Khayyam Math

The 68–95–99.7 rule for the normal distribution

Why almost every observation from a normal distribution sits within three standard deviations of the mean — and how the percentages stack up.

-4σ-3σ-2σ-1σμ+1σ+2σ+3σ+4σ68%95% within ±2σ99.7% within ±3σNormal distribution — the 68 / 95 / 99.7 rule

Try this live →

What this shows

The normal (or Gaussian) distribution is the symmetric bell-shaped curve described by f(x) = (1/(σ√(2π)))·exp(−(x − μ)²/(2σ²)), with two parameters: the mean μ (where the peak sits) and the standard deviation σ (how wide the bell is).

For ANY normal distribution — regardless of μ and σ — the following always holds:

    within ±1σ of the mean:  about 68.27% of the probability
    within ±2σ of the mean:  about 95.45% of the probability
    within ±3σ of the mean:  about 99.73% of the probability

These are exact integrals of the normal density, rounded to the familiar 68 / 95 / 99.7 percentages. The figure shades the three bands in nested shades around the mean.
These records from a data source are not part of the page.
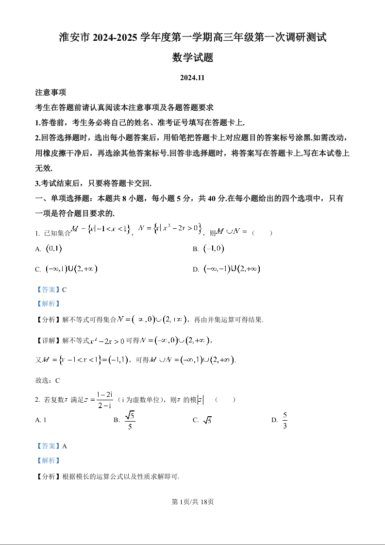 江苏省淮安市2025届高三上学期第一次调研测试数学(精品解析版)
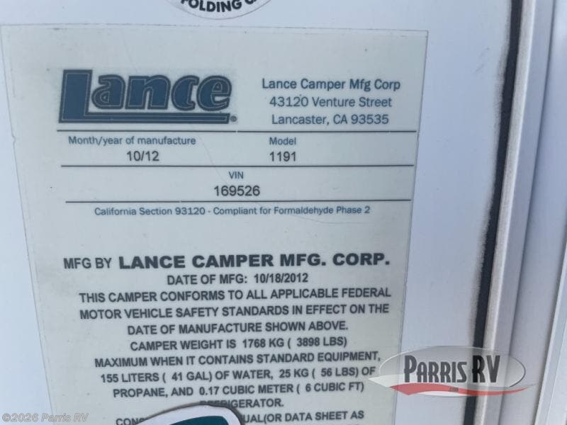 Request More Info on this 2013 Lance Lance 1191 Offered for sale by Parris RV
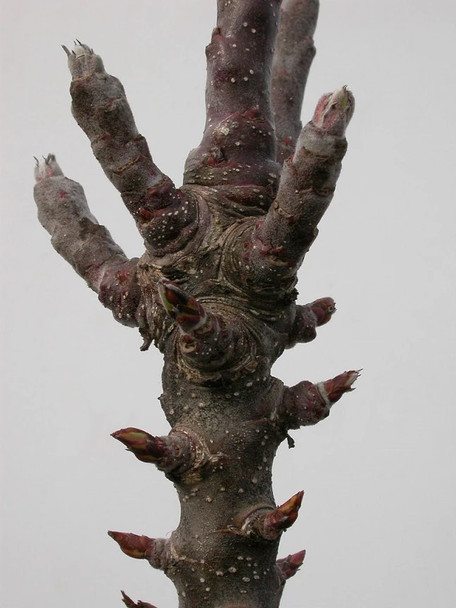 Wuchs: Sehr langsam wachsend. Kurze Triebabstände, wodurch der “kaktusartige” Wuchs entsteht. Sehr robuste Sorte mit hoher Schorf- und Mehltautoleranz. Wuchshöhe nur ca. 2 Meter im Alter.
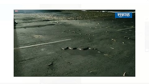 वाहन चालकांच्या लक्षात न आल्याने त्यातील एक साप दुर्दैवाने वाहनामुळे जखमी झाला. हे लक्षात आल्यानंतर तेथून जाणारे वडगाव शेरीतील अमोल खेडकर आणि त्यांच्या मित्रांनी प्रसंगावधान राखत दोन्ही बाजूंची वाहतूक तात्काळ रोखून धरली. त्यामुळे दोन्ही सापांना सुरक्षितपणे रस्ता ओलांडून जाता आले. त्यामुळे काही काळ येथे वाहतूक कोंडी झाली होती.
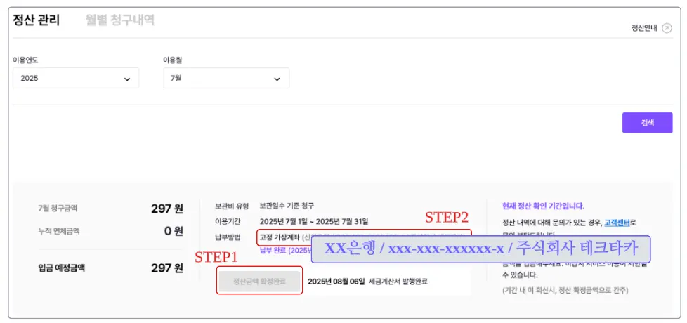 STEP2 : [정산금액 확정완료]버튼을 누르면 표시되는 가상계좌번호로 확정된 금액을 납부해주세요.

The rule is the reason σ is such a useful unit for the normal: distances from the mean measured in σ have distribution-independent meaning. "Three sigma" is shorthand for "an event so rare it should happen well under 1% of the time".

Where it shows up

The 68–95–99.7 rule lets you eyeball whether a measurement is unusual without consulting a normal-distribution table. A body temperature 2σ above your personal mean is in the top 2.5% of your distribution — worth taking seriously. An industrial process yielding parts 3σ outside spec is in the bottom 0.135%, the classical Six Sigma quality threshold (which targets even tighter bounds at 4.5σ).

In physics, three-sigma is the threshold for an "evidence"- level result and five-sigma is required for a discovery claim (probability under a chance fluctuation: 0.00006%). Both conventions are direct applications of the same tail-area integrals.

Frequently asked questions

Does this rule apply to non-normal distributions?

Only approximately, and only for distributions that resemble a normal — symmetric, bell-shaped, with light tails. For skewed distributions (income, waiting times) the rule overestimates the central mass. For heavy-tailed distributions (stock returns, earthquake magnitudes) the rule dramatically underestimates the tail probabilities.

Why these particular percentages?

They come from integrating the normal density between ±1σ, ±2σ, ±3σ. The exact values are 68.27%, 95.45%, 99.73% — but the rounded 68, 95, 99.7 are easier to memorise and accurate enough for back-of-envelope work.

Where does the normal distribution come from?

From the Central Limit Theorem: the sum (or average) of many independent random variables, each with finite variance, converges to a normal distribution. That's why measurement errors, test scores, and many natural quantities turn out to be approximately normal.

What's beyond 3σ?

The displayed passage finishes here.